Records excerpted from a collection
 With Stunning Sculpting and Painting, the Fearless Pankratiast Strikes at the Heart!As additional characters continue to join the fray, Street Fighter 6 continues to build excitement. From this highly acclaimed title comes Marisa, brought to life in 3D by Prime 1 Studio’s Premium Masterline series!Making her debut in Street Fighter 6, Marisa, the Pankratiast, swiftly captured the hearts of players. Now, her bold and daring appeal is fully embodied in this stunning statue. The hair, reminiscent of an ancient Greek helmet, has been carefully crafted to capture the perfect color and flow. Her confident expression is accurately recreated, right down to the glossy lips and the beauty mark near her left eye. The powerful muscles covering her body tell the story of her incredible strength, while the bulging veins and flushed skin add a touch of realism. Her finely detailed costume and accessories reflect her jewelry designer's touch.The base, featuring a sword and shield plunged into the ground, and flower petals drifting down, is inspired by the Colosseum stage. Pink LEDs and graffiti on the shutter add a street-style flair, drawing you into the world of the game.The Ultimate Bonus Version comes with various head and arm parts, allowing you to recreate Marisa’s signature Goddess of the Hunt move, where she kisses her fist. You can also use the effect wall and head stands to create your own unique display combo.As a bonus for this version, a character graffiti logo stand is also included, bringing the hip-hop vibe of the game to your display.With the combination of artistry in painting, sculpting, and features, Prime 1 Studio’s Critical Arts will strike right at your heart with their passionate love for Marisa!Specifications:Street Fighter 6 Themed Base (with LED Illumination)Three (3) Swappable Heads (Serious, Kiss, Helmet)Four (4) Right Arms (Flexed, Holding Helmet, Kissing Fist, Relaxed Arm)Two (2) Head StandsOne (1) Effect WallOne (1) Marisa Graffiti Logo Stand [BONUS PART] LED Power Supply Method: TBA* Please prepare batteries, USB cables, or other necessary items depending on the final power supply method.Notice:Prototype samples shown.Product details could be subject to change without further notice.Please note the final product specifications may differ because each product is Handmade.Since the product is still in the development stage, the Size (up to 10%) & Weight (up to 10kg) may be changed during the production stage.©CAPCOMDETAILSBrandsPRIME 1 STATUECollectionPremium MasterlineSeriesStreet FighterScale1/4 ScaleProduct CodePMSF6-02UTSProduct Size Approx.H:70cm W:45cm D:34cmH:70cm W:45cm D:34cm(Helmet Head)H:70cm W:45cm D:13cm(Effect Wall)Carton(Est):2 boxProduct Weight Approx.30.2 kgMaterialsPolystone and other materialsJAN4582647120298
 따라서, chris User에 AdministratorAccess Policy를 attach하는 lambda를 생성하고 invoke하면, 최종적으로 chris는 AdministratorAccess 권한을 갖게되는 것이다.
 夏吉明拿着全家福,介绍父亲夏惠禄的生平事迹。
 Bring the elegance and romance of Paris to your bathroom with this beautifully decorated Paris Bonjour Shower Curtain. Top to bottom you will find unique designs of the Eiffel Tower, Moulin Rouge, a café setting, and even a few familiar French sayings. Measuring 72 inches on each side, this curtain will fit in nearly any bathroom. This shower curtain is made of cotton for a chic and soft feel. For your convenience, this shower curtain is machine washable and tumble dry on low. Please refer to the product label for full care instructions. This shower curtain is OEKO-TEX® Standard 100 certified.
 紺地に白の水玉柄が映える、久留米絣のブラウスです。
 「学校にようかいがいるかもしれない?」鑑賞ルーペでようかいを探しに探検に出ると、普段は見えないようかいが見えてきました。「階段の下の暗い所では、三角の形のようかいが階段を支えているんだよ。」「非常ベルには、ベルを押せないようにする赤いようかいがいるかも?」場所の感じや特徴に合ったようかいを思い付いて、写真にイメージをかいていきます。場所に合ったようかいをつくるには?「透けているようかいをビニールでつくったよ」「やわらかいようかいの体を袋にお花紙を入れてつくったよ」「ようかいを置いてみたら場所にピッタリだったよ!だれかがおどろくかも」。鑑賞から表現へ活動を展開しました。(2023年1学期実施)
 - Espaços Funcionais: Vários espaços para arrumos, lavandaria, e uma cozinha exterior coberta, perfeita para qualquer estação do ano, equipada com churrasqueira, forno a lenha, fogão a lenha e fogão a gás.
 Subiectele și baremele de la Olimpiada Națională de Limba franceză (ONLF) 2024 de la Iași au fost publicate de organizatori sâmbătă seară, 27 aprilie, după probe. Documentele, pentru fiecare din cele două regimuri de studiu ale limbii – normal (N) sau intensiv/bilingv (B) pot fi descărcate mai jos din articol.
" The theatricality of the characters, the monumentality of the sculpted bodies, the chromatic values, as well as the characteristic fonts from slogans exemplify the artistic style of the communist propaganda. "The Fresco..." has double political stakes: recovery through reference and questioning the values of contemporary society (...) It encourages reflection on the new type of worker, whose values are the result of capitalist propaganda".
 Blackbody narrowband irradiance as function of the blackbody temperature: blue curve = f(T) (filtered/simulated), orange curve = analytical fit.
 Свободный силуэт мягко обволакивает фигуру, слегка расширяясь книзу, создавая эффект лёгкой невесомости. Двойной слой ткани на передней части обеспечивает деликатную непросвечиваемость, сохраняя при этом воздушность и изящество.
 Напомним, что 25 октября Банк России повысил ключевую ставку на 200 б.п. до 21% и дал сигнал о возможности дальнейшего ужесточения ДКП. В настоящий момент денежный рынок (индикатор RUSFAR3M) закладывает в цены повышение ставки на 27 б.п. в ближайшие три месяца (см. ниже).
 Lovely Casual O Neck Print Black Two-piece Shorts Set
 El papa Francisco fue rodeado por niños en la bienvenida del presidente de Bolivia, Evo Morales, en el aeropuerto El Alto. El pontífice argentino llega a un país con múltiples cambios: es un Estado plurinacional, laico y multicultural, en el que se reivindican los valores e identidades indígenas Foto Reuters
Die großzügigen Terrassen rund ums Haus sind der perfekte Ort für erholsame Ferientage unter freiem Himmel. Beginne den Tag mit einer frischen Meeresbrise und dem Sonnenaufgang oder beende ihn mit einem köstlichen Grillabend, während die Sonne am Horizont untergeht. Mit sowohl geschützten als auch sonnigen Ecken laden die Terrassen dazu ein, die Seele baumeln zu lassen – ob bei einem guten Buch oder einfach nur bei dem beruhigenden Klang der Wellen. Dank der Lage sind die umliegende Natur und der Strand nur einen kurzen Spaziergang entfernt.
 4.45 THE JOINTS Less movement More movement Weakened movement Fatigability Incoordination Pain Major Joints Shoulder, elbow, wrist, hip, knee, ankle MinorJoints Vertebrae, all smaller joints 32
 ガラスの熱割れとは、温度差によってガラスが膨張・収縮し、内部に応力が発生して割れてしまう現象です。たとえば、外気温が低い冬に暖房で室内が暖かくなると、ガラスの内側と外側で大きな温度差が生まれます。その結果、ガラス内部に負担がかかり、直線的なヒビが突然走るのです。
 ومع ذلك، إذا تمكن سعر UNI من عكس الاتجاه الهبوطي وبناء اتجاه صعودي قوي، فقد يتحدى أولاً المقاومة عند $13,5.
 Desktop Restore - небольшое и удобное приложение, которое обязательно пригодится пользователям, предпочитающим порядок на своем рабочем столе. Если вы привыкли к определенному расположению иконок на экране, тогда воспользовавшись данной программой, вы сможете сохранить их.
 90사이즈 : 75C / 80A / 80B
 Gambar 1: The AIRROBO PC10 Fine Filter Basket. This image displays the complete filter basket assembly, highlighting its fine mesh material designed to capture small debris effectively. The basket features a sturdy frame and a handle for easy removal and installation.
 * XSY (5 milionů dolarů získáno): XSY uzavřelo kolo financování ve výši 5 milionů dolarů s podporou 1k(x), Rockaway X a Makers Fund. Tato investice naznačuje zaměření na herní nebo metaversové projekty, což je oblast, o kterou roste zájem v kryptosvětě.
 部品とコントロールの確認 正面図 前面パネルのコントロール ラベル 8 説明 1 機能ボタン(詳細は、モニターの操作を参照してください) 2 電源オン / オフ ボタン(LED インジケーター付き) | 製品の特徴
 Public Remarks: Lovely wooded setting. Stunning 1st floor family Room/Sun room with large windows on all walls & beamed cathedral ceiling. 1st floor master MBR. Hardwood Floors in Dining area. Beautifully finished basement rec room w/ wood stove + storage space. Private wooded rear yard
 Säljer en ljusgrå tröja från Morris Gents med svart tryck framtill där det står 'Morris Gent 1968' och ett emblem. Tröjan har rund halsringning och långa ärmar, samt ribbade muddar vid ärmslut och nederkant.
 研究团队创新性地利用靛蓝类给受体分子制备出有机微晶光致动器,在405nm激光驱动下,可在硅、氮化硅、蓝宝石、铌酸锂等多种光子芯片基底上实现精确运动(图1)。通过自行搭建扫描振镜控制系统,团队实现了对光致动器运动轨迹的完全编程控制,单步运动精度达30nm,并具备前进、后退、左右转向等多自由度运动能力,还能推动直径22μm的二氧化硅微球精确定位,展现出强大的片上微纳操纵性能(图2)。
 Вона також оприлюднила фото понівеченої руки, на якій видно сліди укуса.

**THE PROBLEM**
Across the records above, tally the lines that contain "setting" and return the number alone.

**RESPONSE TO THIS EXERCISE**
2